=== Begin Enclosure ===
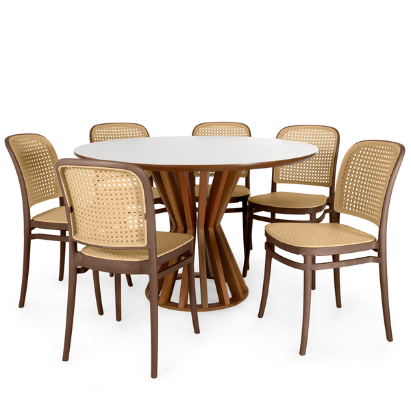 Conjunto de Mesa de Jantar Cecília Redonda 120cm com 6 Cadeiras Roma
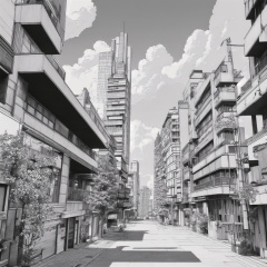jiedao,greyscale,monochrome,scenery,traditional media,outdoors,<lora:素描街道test-0000010:0.8>,scenery,building,street,City center,commercial skyscrapers,bustling streets,(modernist:1.2) design,(blue sky:1.2),daytime,masterpiece,best quality,tree,cloud,, masterpiece, best quality,
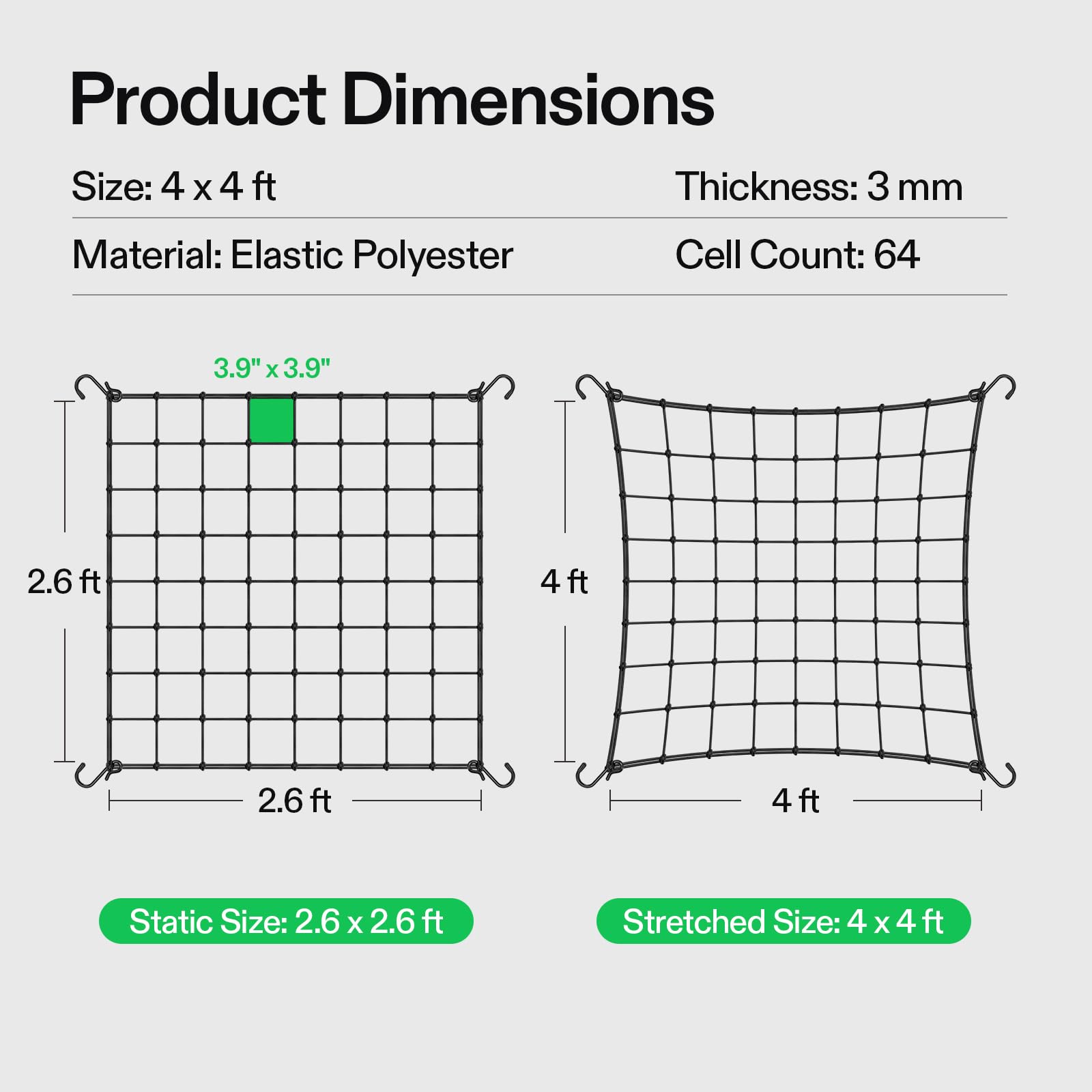 Easy to Install and Adjust: The 4x4 ft. net can be cut to fit your setup. Simply wrap and tie around any stable support—no unraveling or slipping.
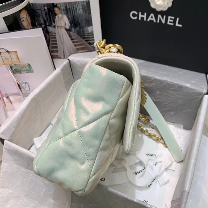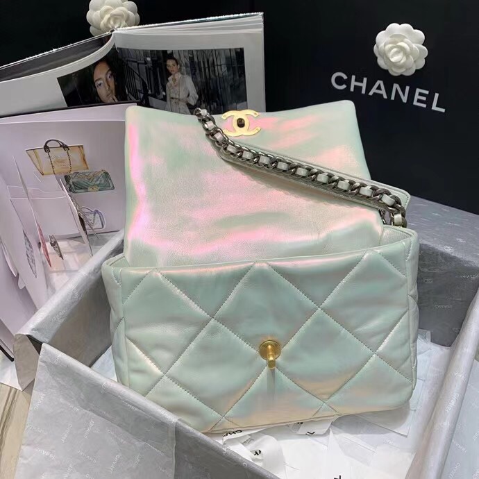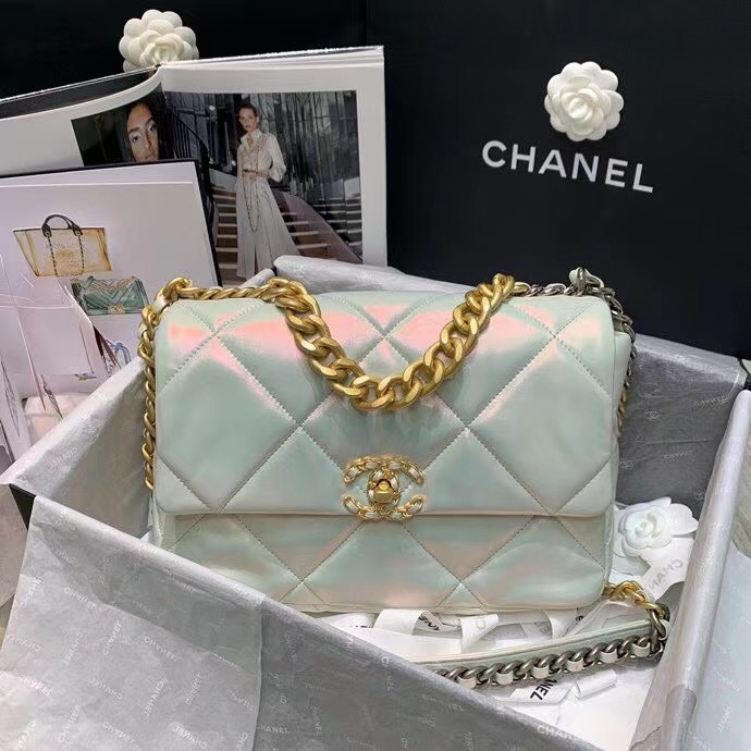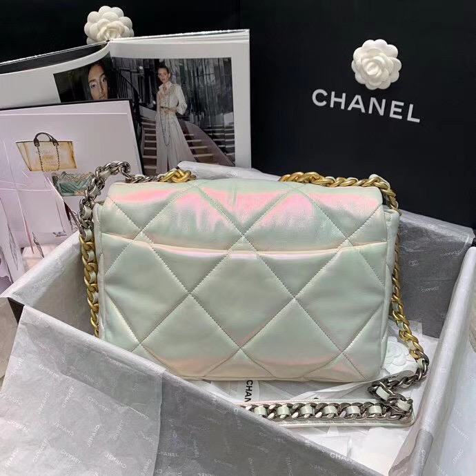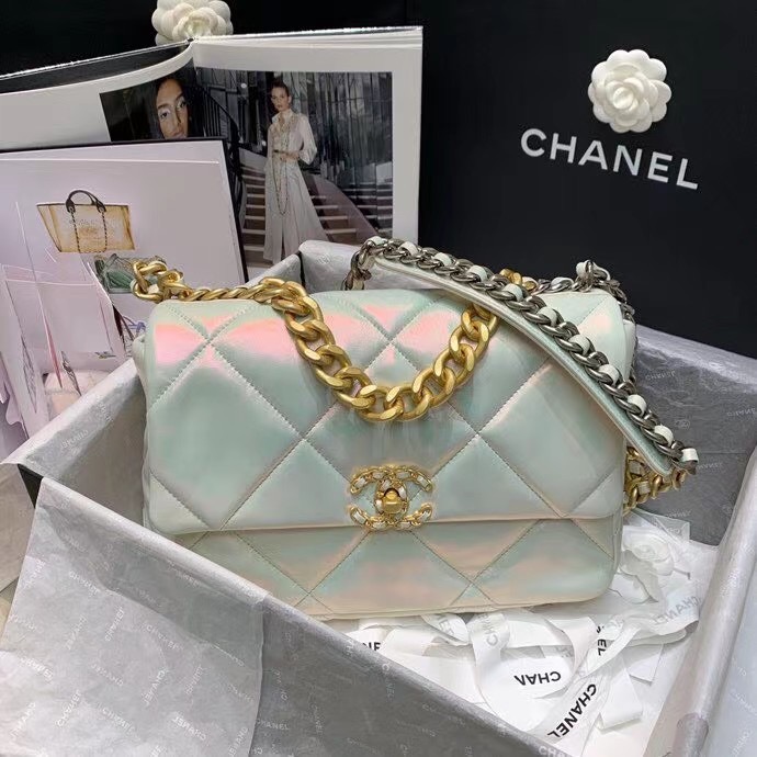 Chanel Add to Cart CHANEL 19 Iridescent White Flap Bag MSRP: Was: Now: $144,455.51 Iridescent Calfskin, Gold-Tone, Silver-Tone & Ruthenium-Finish Metal
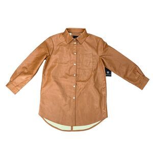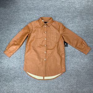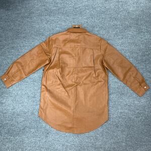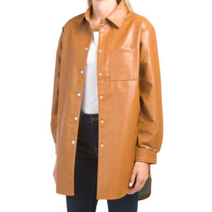Bagatelle Collection Faux Leather Shacket Women M Medium Camel Snap Button Vegan
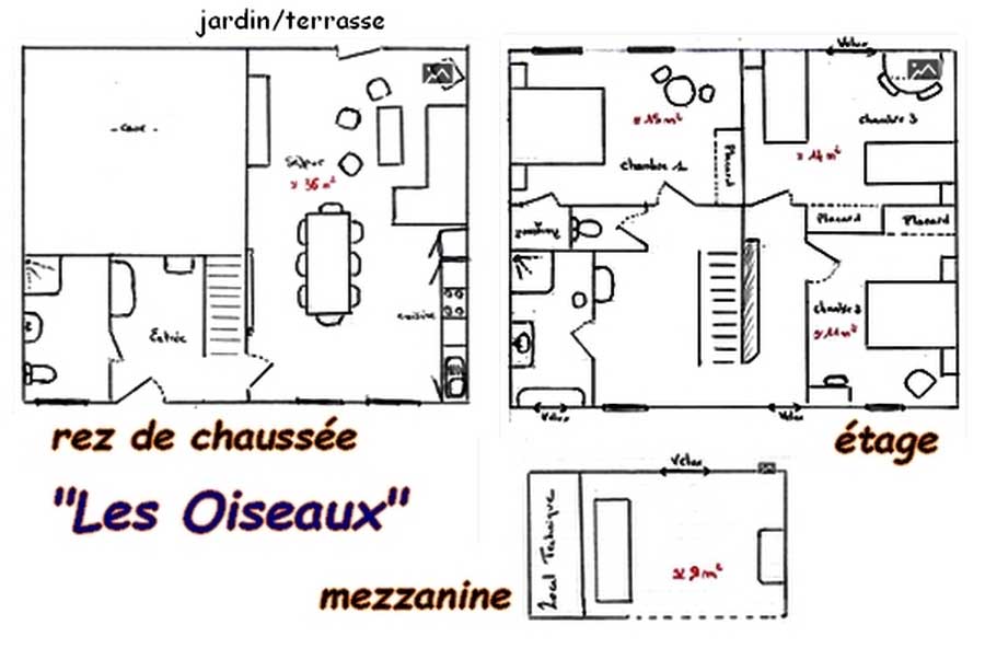 Dans "Les Oiseaux" : 2 salles d'eau dont une avec WC, 1 WC indépendant, 3 chambres (1 lit en 160 avec possibilité d'un lit d'appoint en 90, 1 lit en 140, 2 lits en 90 et un canapé convertible clic-clac en 140), espace mezzanine indépendant (convertible BZ en 140).
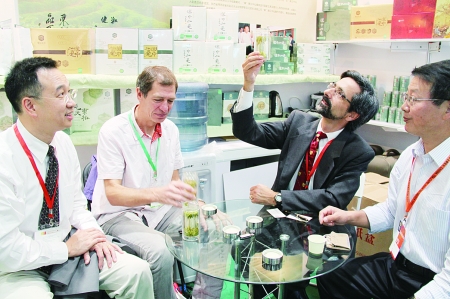 图二:美国耶鲁大学教授(右二)对中国绿茶很感兴趣。他仔细观察杯中的东裕茗茶,并询问了种植及加工情况。 张永立 摄
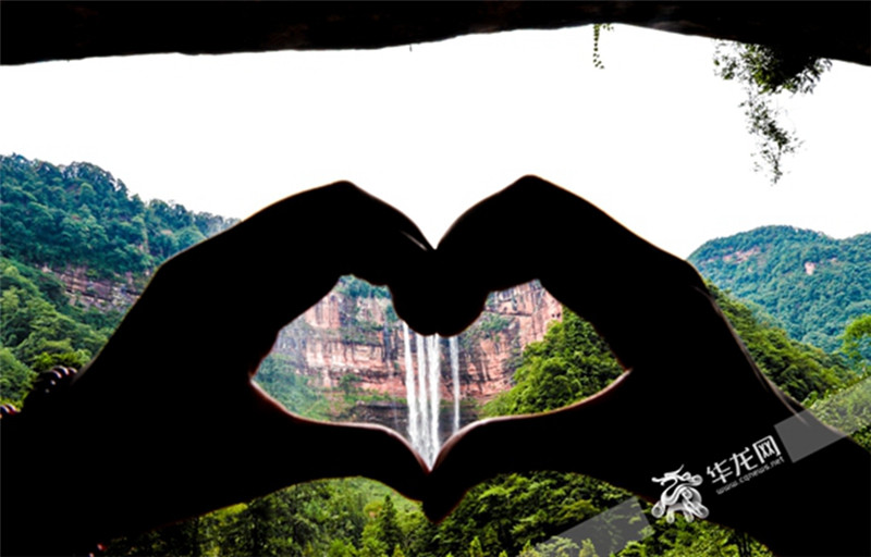 “天下第一眼”处比心。首席记者 雷其霖 摄
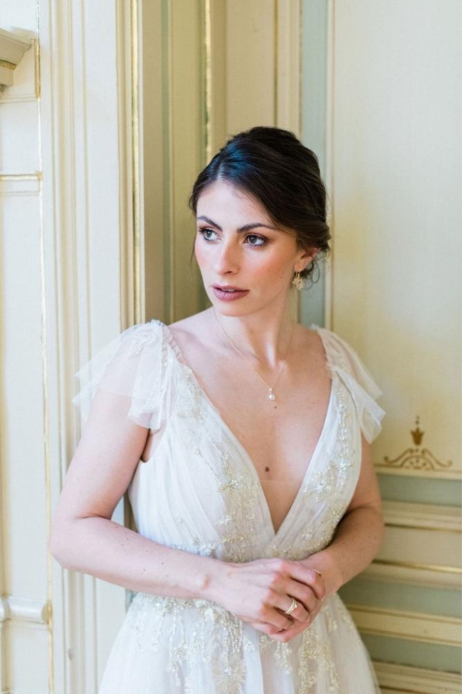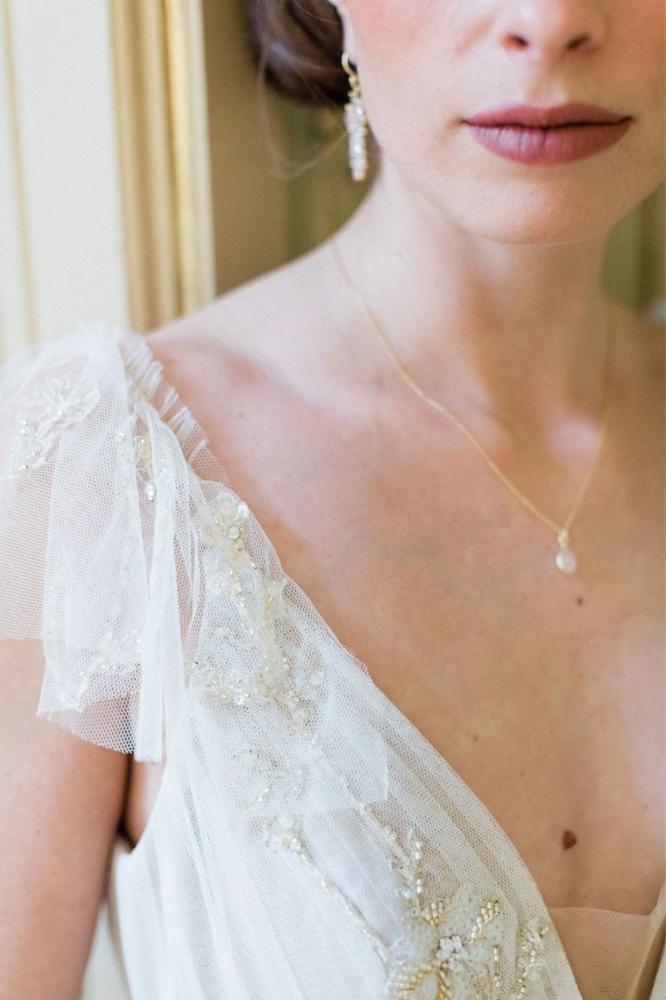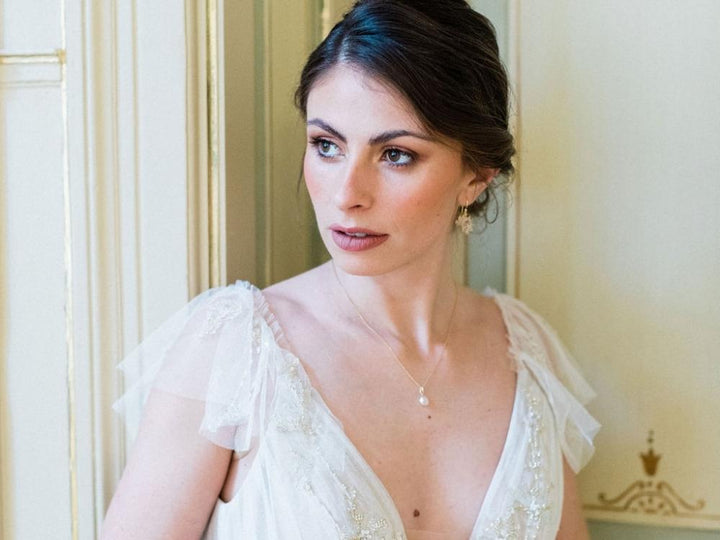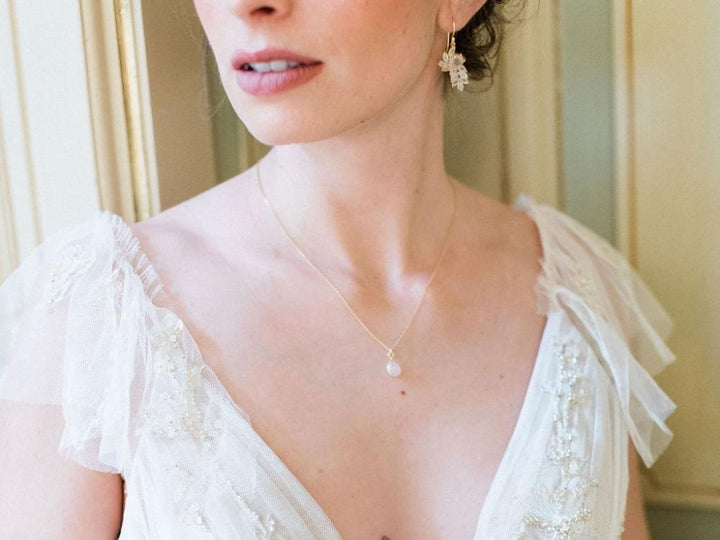 Ein ganz tolles, feminines Schmuckstück, das sich perfekt als Brautschmuck eignet. Die passenden Ohrringe findest du im Shop.
=== End Enclosure ===
An exact copy is needed of every line from the one holding "BZ en 140)." to the end of the entries above, both ends kept and each picture dropped.

RESPONSE BELOW.
 Dans "Les Oiseaux" : 2 salles d'eau dont une avec WC, 1 WC indépendant, 3 chambres (1 lit en 160 avec possibilité d'un lit d'appoint en 90, 1 lit en 140, 2 lits en 90 et un canapé convertible clic-clac en 140), espace mezzanine indépendant (convertible BZ en 140).
 图二:美国耶鲁大学教授(右二)对中国绿茶很感兴趣。他仔细观察杯中的东裕茗茶,并询问了种植及加工情况。 张永立 摄
 “天下第一眼”处比心。首席记者 雷其霖 摄
 Ein ganz tolles, feminines Schmuckstück, das sich perfekt als Brautschmuck eignet. Die passenden Ohrringe findest du im Shop.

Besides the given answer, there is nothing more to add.